Cet été, la plage de la Pointe-Rouge arbore un nouveau visage. Fini les terrasses en bois devant les restaurants. Fini les tables qui grignotent petit à petit l’espace. Cet été, tout le monde a les pieds dans le sable et les tables des restaurants ont été remises au carré, bien rangées, sans débord. L’État est passé par là, et a fait appliquer en octobre dernier la loi Littoral, en faisant supprimer toutes les constructions en dur qui empiétaient sur le domaine public léché par les vagues. Un premier lifting avant le grand relooking.

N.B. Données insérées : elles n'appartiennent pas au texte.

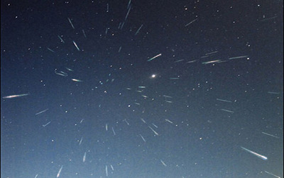 Ein intensiver Meteorschauer wie hier bei den Leoniden im November 2002 ist ein sehr eindrucksvolles Ereignis. Bildquelle: J. C. Casado & I. Graboleda, Spanien
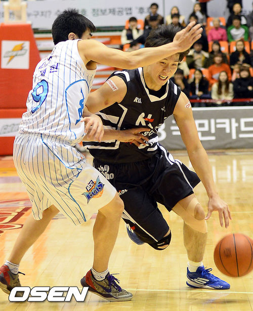 1쿼터, KT김우람이 KCC임재현을 돌파하고 있다.
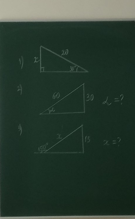 1) х=1/2гипотенузы=1/2*20=10. т.к. угол напротив 30°
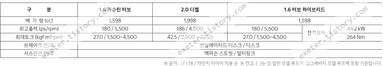 본 게시글은 2022 스포티지 하이브리드 (5세대) 차량 성능 사양(배기량/출력/토크) 및 연비 정보로, 작성일 기준 기아 홈페이지에서 발췌한 것입니다.

Comme vous le racontait Marsactu l’été dernier, la Ville, qui dispose d’une concession de l’État pour la gestion de la plage, a prévu pour ce bout du littoral un réaménagement complet : allée en bois de châtaigner, terrasses aux structures en acier galvanisé, ombrière en lattes de bois… Parallèlement elle lançait, en juillet dernier, une consultation pour l’attribution de sept lots en sous-concession pour une gestion privée d’une partie de la plage, celle actuellement occupée par les restaurants.

Mais, surprise, la mairie a finalement décidé d’annuler cette consultation pour faire voter au prochain conseil municipal, le 25 juin une autre procédure qui rebat les cartes de la privatisation de la plage.

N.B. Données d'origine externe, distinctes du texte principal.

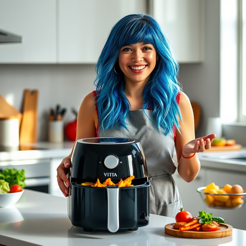 epic cinematic photography of a 23 young woman with a Long shaggy style vibrant blue hair stands in a bright, modern kitchen, enthusiastically showcasing a sleek air fryer. She’s wearing a stylish apron, and the countertop is filled with colorful vegetables and healthy snacks. With a warm smile, she explains the benefits of cooking with an air fryer, demonstrating how easy it is to prepare crispy fries and roasted veggies. The sunlight streams in through the window, highlighting her energetic personality as she invites viewers to join her on a journey to healthier cooking,on the handle of the air fryer it has the company branding that says (Vitta)"

Transats, parasols et matelas

Pour justifier cette marche arrière, la Ville invoque dans le rapport soumis au vote deux éléments. L’un d’eux repose sur “l’absence de diversité des offres proposées et une concurrence très insuffisante.” En clair, ni la Ville ni la Direction de la concurrence  et de la répression des fraudes n’ont apprécié de voir uniquement les anciens restaurateurs concourir sur leurs anciens lots.

Or, la mairie considère que l’on mange trop sur la plage de la Pointe-Rouge et verrait bien d’autres activités s’y développer. Le rapport en cite quelques exemples : “location ou vente de produits balnéaires tels que des transats, parasols, matelas de plage, bouées, palmes/ masque/ tubas” ou encore l’“animation de plage (par exemple sportive ou culturelle) pour tout type de public (jeune, adulte)“.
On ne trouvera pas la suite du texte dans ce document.